Murray was a backup catcher to Jim Hegan in Cleveland, Joe Tipton in Philadelphia, and Clint Courtney in Baltimore. As a member of the Athletics in , he shared the regular catcher's job with Joe Astroth and set personal bests in every major statistical category, including games played (84), hits (76), home runs (six), runs batted in (41) and batting average (.284). All told, he batted .252 with eight homers and 184 hits during his MLB career. He later managed in minor league baseball in the San Francisco Giants' organization.

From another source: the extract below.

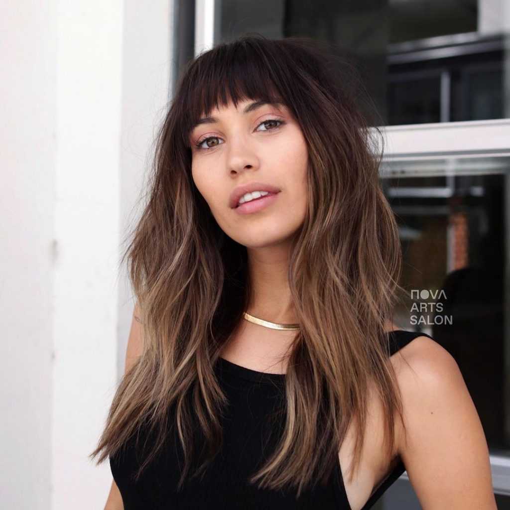 Игривые волнистые пряди и короткая рваная челка – сочетание, которое стало модным в длинных женских стрижках 2020-2021. Если раньше так называемые «пляжные» волны были актуальны больше для весенне-летнего сезона, то сегодня задорная прическа смотрится вполне удачно в осенне-зимних луках.
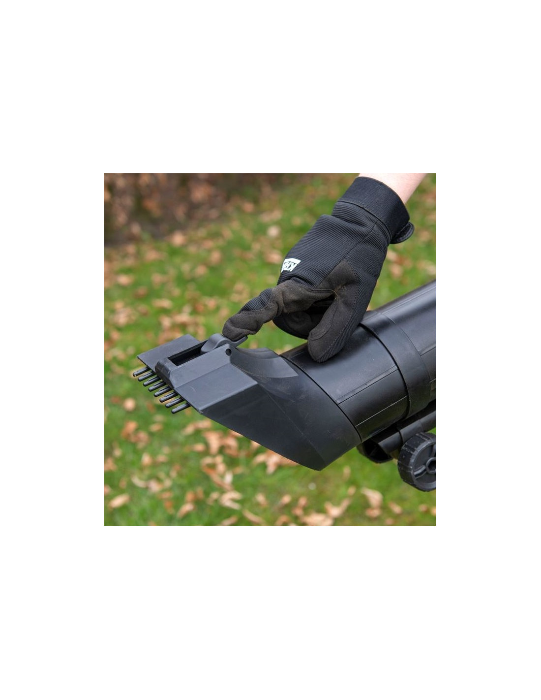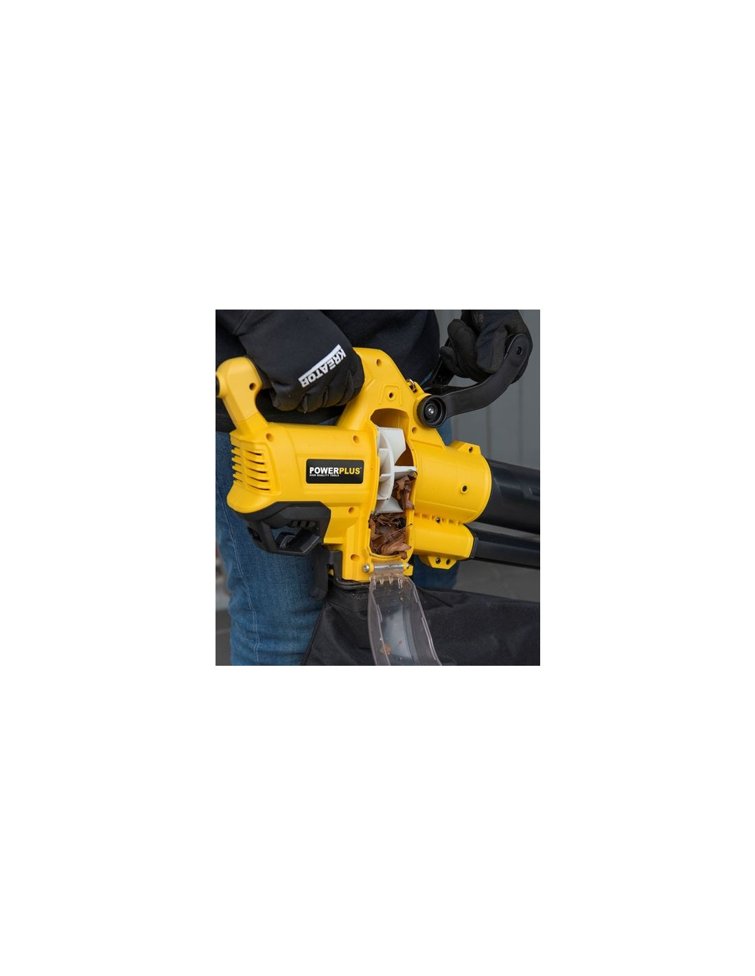 En af de specielle funktioner ved Powerplus Løvblæser/Støvsuger er den indbyggede rive, der gør det nemt at samle og komprimere haveaffald.

Murray was a talented catcher with a big bat and a strong throwing arm. In his short career he allowed very few stolen bases (he notched 69 "caught stealings" in 1,803 innings caught) and quickly gained recognition as a gun slinger at the plate. Murray was known for his colorful antics with the umpires, which may have earned him the nickname "Deacon" for the way he preached to the umps. On one occasion, he stopped in the middle of a game and removed all of his catchers' gear to kneel at home plate and pray to the Lord to give the umpire eyesight because he must be blind, Murray was promptly ejected from the game.

==Post-career life==

After his baseball career Murray lived until his death in Fort Worth, Texas. He worked for many years for the Tarrant County sheriffs department as a warrant officer until his retirement. Murray raised two children, Buddy and Jill, he was involved in little league baseball for many years. He served as president of the Forest Hill youth association in the 1970s and managed several pony and colt league boys teams. Murray was also a very accomplished golfer carrying a scratch handicap up into his 50s, he was a longtime member of Glen Garden Country Club in Ft. Worth and also a winner of their club championship.